* **TASK REQUIREMENTS**
Your output should be exactly the lines from the one containing "(resampled to 10 m) |" through the final line of the following data, please, with no pictures.

* **DATA**

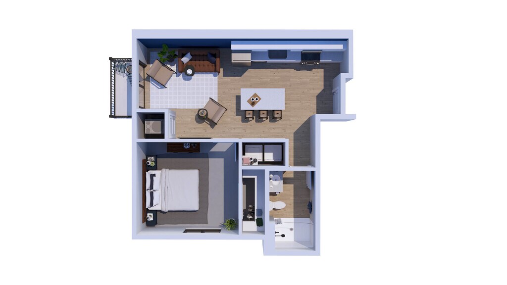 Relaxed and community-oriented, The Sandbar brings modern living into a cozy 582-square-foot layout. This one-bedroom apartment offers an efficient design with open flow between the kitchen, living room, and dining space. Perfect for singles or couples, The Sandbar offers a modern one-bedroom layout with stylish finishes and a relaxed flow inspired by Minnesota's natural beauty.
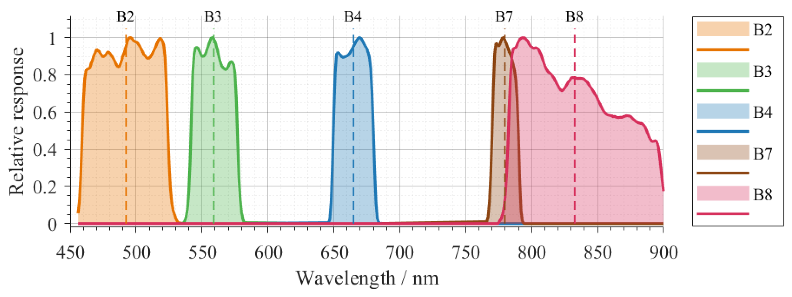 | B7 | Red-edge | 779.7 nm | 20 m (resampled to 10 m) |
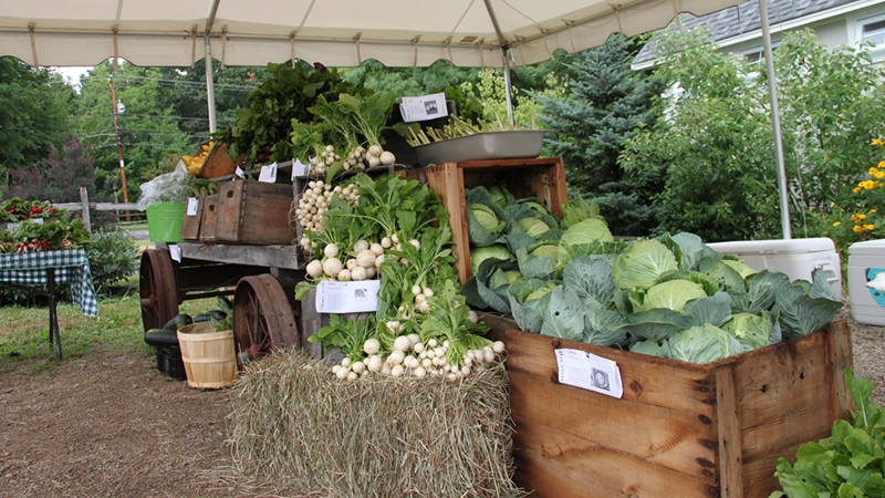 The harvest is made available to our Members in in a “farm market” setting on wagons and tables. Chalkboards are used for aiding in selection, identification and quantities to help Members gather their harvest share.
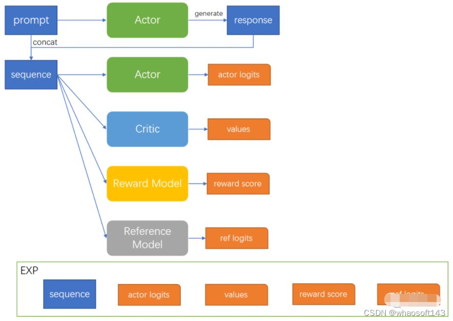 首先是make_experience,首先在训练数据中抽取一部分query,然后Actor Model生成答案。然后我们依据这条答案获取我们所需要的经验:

* **YOUR SOLUTION**
 | B7 | Red-edge | 779.7 nm | 20 m (resampled to 10 m) |
 The harvest is made available to our Members in in a “farm market” setting on wagons and tables. Chalkboards are used for aiding in selection, identification and quantities to help Members gather their harvest share.
 首先是make_experience,首先在训练数据中抽取一部分query,然后Actor Model生成答案。然后我们依据这条答案获取我们所需要的经验:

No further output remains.